DIRECTIONS: Repeat the listing below in full and exactly. Pictures are to be omitted.

DATA EXTRACT:
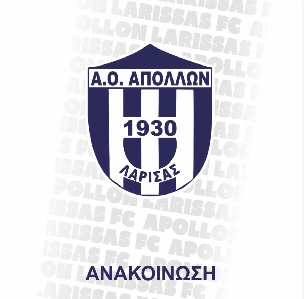Ο Απόλλων Λάρισας γνωστοποιεί πως το Σάββατο 7 Φεβρουαρίου 2026 και ώρα 19:30 θα πραγματοποιηθεί η κοπή της πρωτοχρονιάτικης πίτας του συλλόγου.
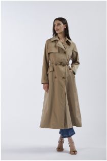 Essential item in the spring wardrobe. long double-breasted trench coat with back and front flap. made of technical fabric. elasticated belt with logo buckle to define the waist. long sleeve.
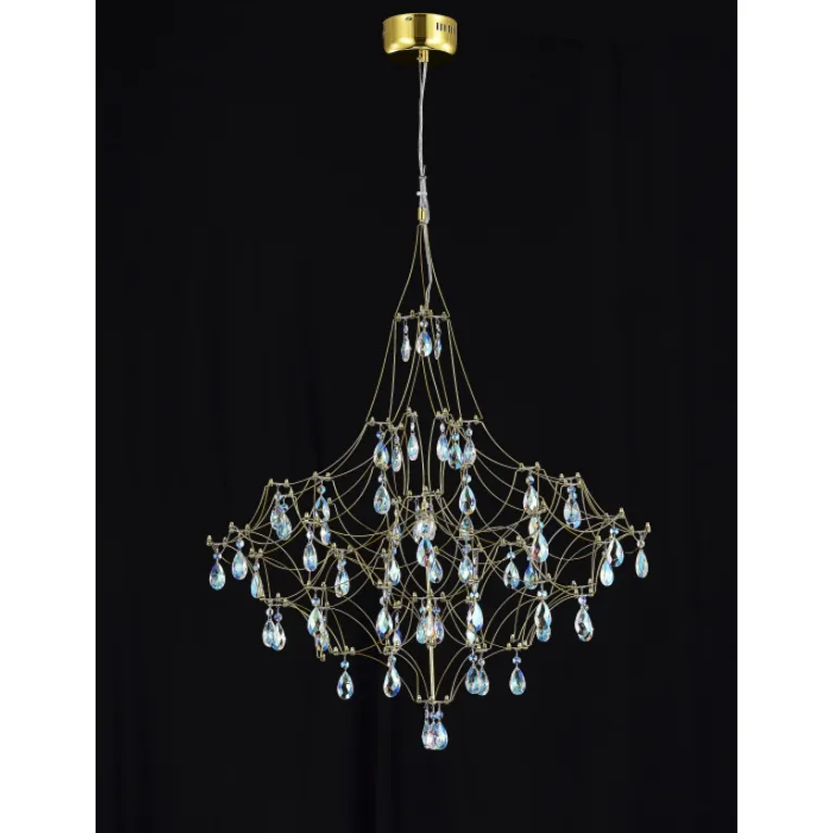 Преобладающий цвет арматуры: Латунь; материал изготовления арматуры: Металл, размеры, мм: длина 780 / ширина 780 / высота 2450 Общая мощность – 33 Ватт, а максимальная площадь освещения до 12 м2. Основной тип ламп, предусмотренный производителем: Светодиодная с цоколем LED. В зависимости от предпочтений можно использовать лампы теплового, холодного или нейтрального света, за исключением люстр с типом цоколя LED.
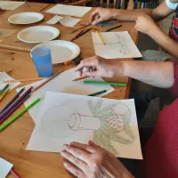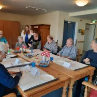 Begonnen wurde heute mit einem Malkurs. Gemeinsam wurde gezeichnet, mit Wasserfarben und Stiften gemalt. Am Ende waren alle sehr stolz auf Ihre kleinen Meisterwerke.

ANSWER FOR THIS EXERCISE:
Ο Απόλλων Λάρισας γνωστοποιεί πως το Σάββατο 7 Φεβρουαρίου 2026 και ώρα 19:30 θα πραγματοποιηθεί η κοπή της πρωτοχρονιάτικης πίτας του συλλόγου.
 Essential item in the spring wardrobe. long double-breasted trench coat with back and front flap. made of technical fabric. elasticated belt with logo buckle to define the waist. long sleeve.
 Преобладающий цвет арматуры: Латунь; материал изготовления арматуры: Металл, размеры, мм: длина 780 / ширина 780 / высота 2450 Общая мощность – 33 Ватт, а максимальная площадь освещения до 12 м2. Основной тип ламп, предусмотренный производителем: Светодиодная с цоколем LED. В зависимости от предпочтений можно использовать лампы теплового, холодного или нейтрального света, за исключением люстр с типом цоколя LED.
 Begonnen wurde heute mit einem Malkurs. Gemeinsam wurde gezeichnet, mit Wasserfarben und Stiften gemalt. Am Ende waren alle sehr stolz auf Ihre kleinen Meisterwerke.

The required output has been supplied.